MAISON AUZENE
8h48, Le 09/08/21
L’amour capitaine
La brume s’est estompée, tu m’as raccompagné, on s’est tus. Ta main sans douceur a tout avoué sans un mot. On naviguait sur ton océan à en connaitre chaque berge, chaque plage, chaque recoin pour quitter notre navire aussi sèchement qu’un regard sans sourire. Je suis descendu du pont, j’ai même trébuché.
Dans la panique, la flotte a jeté par-dessus bord toute mon imagination : mes rêves d’éternité, les fruits de ma passion, mes inquiétudes, et tout ce que je ne connaissais pas encore de toi.
J’ai beau trouver l’univers immense, rien n’est comparable à la distance qui nous sépare désormais. J’ai beau t’interpeller mais les matelots sourds défont les cordages, je hurle, mais l’ancre remonte mes larmes.
Ce vaisseau, je l’ai foulé de mon intimité, le voilà rejetant ma nature. Ils s’en moquent, ils la jettent à l’eau. Cette flotte saoule retourne ses armes contre moi, Elle, ma plus fidèle confidente, a emporté mes faiblesses et son souffle de pierre trahit désormais nos vestiges communs.
Inquiet sur le quai, je regarde la capitaine disparaitre de ma vie. Elle, si attentive, savait prendre soin des petites choses. De sa longue vue, elle respectait toujours l’océan, de sa légèreté naturelle. Mais je suis pétrifié. Elle saborde mes souvenirs, accoudée à une rambarde d’indifférence, elle fixe mon regard : plus un bruit ne subsiste. On ne souffre jamais du silence, seulement de l’oubli.
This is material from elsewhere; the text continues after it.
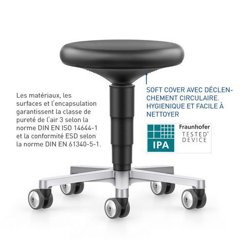 | Product Name | Cleanroom stool with castors, Type of base: 5 feet, Seat model: Low, Foot rest: no, Seating width: 400 mm |

Les cordes sont lovées, le vaisseau agite les flots de mes regrets comme le craquement d’une écorce. La tempête se lève et la foudre casse le ciel. Les mouettes tournoyantes scandent mes torts d’une solitude impossible. Immobile et contraint de te voir partir sans un mot, c’est mon être tout entier qui s’effondre de ne pouvoir te retenir.
Mais quand tu pars, tu emportes avec toi le magnifique. Être la seule au milieu des autres comme un dû, ta silhouette marine disparait, arrachant tout ce qu’il me reste de vivant. Je contemple ton adieu d’un soin opiniâtre : L’écume de mes souvenirs meure au cœur des dauphins qui honorent ton départ.
Et pourtant, c’est moi qui ai quitté ton navire.